Article Droit européen | 03/05/23 | 3 min. | Emmanuelle Mignon Marc Mossé Pauline Roman
Alors que la proposition de règlement fixant des règles harmonisées pour l’équité de l’accès aux données et de l’utilisation des données (le « Data Act ») n’est toujours pas adoptée par l’Union européenne et soulève encore un certain nombre de polémiques et difficultés juridiques, la France aurait fait le choix d’en reprendre certains articles par anticipation dans le projet de loi visant à adapter la législation française au DSA, DMA et DGA. Une version du texte, dont nul ne sait si elle définitive, a fuité en fin de semaine dernière par l’intermédiaire de Politico.

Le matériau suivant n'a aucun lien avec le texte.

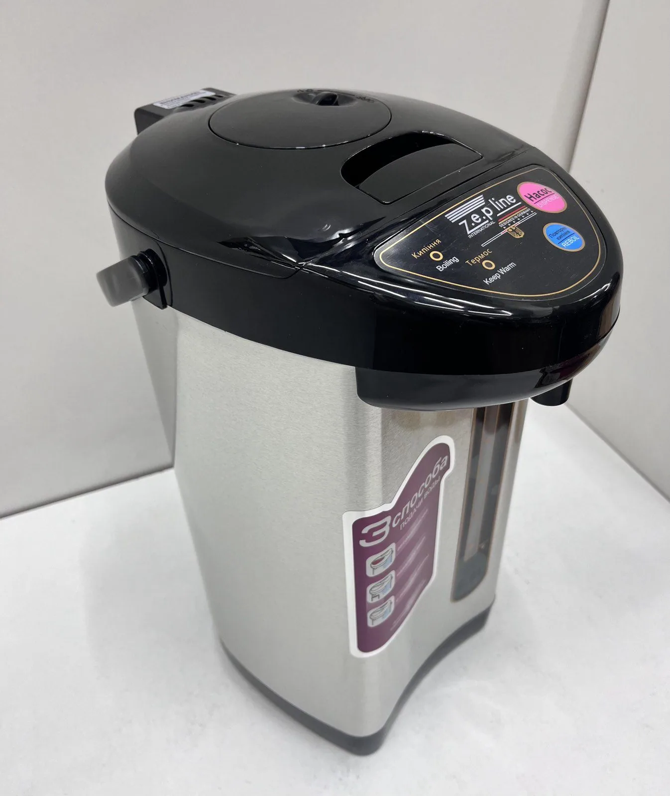 Функція дехлорування та повторного кипʼятіння,збереження тепла• Внутрішня ємність з нержавіючої сталі• Зовнішній корпус з нержавіючої сталі• 3- сторонній дозатор води:1)Електричний насос 2) Повітряний насос 3) Перемикач• Захист від сухого кипіння та перегріву• Основа, що обертається на 360°• Температура кипіння: 100°С

Selon le projet de loi ainsi rendu public, l’article 7 reprend de façon anticipée les dispositions du chapitre VI du Data Act visant à encadrer des pratiques qualifiées par le texte de restrictives de concurrence sur le marché de l’informatique en nuage (le cloud) et à faciliter le transfert de données vers un autre service d’informatique en nuage (les services de cloud computing). En particulier, le projet de loi interdirait de manière anticipée la « facturation, par un prestataire de services d’informatique en nuage, à une personne exerçant des activités de production, de distribution ou de services, de frais au titre du transfert de données vers ses propres infrastructures ou vers celles mises à disposition, directement ou indirectement, par un autre prestataire » - visant ainsi ce qu’on appelle les egress fees - sous la menace d’une amende administrative de 200 000 euros pour les personnes physiques et 1 million d’euros pour les personnes morales. Le montant de cette amende serait multiplié par deux en cas de réitération du manquement. Alors que l’article 25 du Data Act impose une suppression progressive des frais liés aux changements de fournisseurs, on peut noter que l’article 7 du projet de loi va plus loin en ne prévoyant aucune mesure transitoire.

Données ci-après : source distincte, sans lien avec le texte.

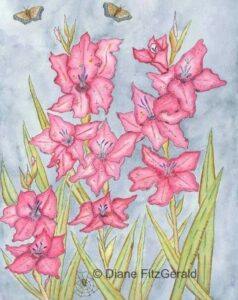 We know autumn is near when Mr. Clark has beautiful gladiolus at his farm stand at the Barrie Farmers’ Market. Pink gladioli are often associated with compassion and care. Butterflies, with freedom and a joyful soul. The spider and it’s tiny web, patience and dedication to success.

Le projet de loi vise aussi à encadrer « l’octroi d’avoir informatique en nuage » dont bénéficient, notamment, de nombreuses start-ups ; là encore sous la menace des sanctions précitées.

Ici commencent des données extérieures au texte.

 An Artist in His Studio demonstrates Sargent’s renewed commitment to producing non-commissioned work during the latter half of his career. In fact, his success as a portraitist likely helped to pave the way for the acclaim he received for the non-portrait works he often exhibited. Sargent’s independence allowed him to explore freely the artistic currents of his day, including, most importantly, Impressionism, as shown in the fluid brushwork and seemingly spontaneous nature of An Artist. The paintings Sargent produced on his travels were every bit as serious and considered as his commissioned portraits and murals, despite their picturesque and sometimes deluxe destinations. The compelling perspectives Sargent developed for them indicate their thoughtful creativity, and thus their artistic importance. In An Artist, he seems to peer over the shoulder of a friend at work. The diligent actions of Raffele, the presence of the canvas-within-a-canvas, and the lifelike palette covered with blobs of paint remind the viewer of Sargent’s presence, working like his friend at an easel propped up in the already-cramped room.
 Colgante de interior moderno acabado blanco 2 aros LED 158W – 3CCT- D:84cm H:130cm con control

Par ailleurs, l’article 8 du projet reprendrait de façon anticipée les exigences d’interopérabilité prévues au chapitre VIII du Data Act, et imposerait aux services de cloud d’assurer les conditions d’interopérabilité de leurs services avec les autres offres de cloud et de portabilité des actifs numériques vers ces autres services. L’ARCEP serait chargée d’établir les exigences essentielles relatives à l’interopérabilité et à la portabilité des données sous forme de standards harmonisés.
Le projet de loi visant à adapter la législation au DSA, DMA et DGA doit être adopté en conseil des ministres le 10 mai prochain pour une promulgation espérée avant l’été.
On ne peut que s’interroger sur l’intérêt de ces stop and go législatifs, qui consistent à anticiper des textes non stabilisés tout en organisant leur disparition, et qui créent beaucoup de confusion et d’insécurité juridique pour les entreprises.